WHAT THIS TASK INVOLVES: Among the lines below, the one containing "Nyheten kommer i" opens the range and the one containing "其中,游戲賬號(hào)@瓦" closes it. Print that range exactly, without the pictures.

DATA TO PROCESS:
##############################

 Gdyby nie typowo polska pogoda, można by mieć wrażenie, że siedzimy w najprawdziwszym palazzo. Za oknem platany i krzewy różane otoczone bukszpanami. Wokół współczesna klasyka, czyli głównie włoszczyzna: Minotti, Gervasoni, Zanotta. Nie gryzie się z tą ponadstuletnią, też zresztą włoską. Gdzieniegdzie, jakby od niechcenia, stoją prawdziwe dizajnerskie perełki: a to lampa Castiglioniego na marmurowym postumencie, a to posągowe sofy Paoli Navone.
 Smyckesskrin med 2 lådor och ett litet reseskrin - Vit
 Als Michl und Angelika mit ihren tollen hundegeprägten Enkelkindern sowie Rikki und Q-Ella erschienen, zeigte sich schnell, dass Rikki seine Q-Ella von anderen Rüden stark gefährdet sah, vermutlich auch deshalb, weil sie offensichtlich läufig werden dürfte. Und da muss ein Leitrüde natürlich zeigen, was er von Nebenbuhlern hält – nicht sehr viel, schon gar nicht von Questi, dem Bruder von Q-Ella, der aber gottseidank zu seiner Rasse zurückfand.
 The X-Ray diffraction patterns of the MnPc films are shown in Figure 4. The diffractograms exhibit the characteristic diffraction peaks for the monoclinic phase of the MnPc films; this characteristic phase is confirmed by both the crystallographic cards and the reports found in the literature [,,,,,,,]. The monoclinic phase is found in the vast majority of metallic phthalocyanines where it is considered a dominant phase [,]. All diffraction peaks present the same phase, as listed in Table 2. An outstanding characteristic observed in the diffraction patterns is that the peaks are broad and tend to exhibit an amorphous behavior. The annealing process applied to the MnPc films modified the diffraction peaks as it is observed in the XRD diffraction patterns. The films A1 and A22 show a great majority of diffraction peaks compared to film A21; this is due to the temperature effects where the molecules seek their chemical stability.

##############################

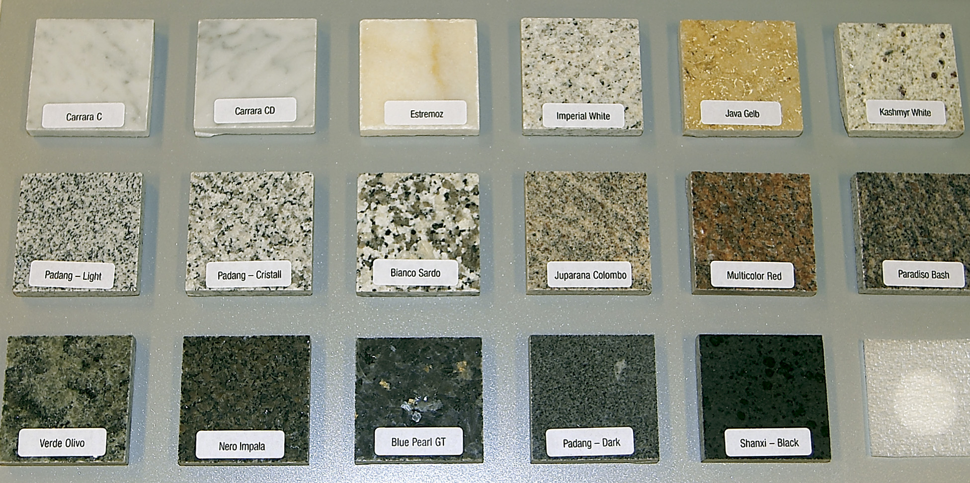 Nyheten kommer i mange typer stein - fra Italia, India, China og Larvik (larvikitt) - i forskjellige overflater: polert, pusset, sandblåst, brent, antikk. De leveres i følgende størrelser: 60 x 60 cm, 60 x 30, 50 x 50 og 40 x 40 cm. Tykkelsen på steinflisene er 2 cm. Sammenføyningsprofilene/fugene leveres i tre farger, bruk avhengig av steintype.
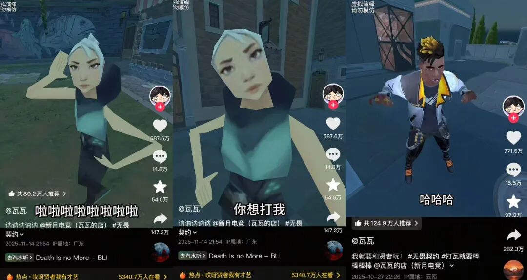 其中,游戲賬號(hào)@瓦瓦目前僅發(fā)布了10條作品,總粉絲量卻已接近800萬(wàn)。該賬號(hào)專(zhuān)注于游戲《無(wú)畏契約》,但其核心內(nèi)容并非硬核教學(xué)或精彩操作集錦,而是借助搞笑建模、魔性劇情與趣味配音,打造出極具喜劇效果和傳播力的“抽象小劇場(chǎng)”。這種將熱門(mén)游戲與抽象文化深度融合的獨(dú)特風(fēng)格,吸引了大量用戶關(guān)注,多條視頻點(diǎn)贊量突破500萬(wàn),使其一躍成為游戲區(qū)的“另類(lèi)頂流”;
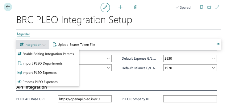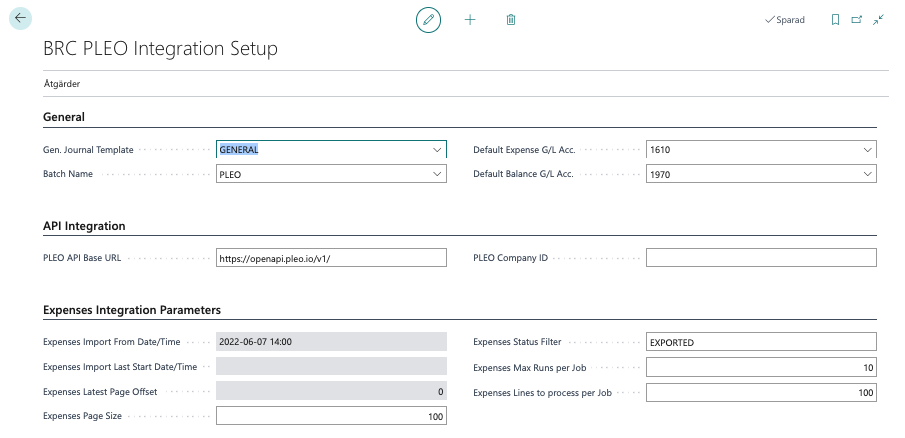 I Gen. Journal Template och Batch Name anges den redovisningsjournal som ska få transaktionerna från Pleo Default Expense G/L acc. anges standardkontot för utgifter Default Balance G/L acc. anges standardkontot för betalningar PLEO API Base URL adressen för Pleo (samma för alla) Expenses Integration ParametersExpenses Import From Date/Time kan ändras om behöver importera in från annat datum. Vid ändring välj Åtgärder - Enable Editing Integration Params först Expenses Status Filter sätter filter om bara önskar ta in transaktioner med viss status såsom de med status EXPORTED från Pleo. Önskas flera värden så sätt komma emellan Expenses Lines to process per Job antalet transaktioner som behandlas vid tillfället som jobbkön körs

##############################

TASK SOLUTION:
 Nyheten kommer i mange typer stein - fra Italia, India, China og Larvik (larvikitt) - i forskjellige overflater: polert, pusset, sandblåst, brent, antikk. De leveres i følgende størrelser: 60 x 60 cm, 60 x 30, 50 x 50 og 40 x 40 cm. Tykkelsen på steinflisene er 2 cm. Sammenføyningsprofilene/fugene leveres i tre farger, bruk avhengig av steintype.
 其中,游戲賬號(hào)@瓦瓦目前僅發(fā)布了10條作品,總粉絲量卻已接近800萬(wàn)。該賬號(hào)專(zhuān)注于游戲《無(wú)畏契約》,但其核心內(nèi)容并非硬核教學(xué)或精彩操作集錦,而是借助搞笑建模、魔性劇情與趣味配音,打造出極具喜劇效果和傳播力的“抽象小劇場(chǎng)”。這種將熱門(mén)游戲與抽象文化深度融合的獨(dú)特風(fēng)格,吸引了大量用戶關(guān)注,多條視頻點(diǎn)贊量突破500萬(wàn),使其一躍成為游戲區(qū)的“另類(lèi)頂流”;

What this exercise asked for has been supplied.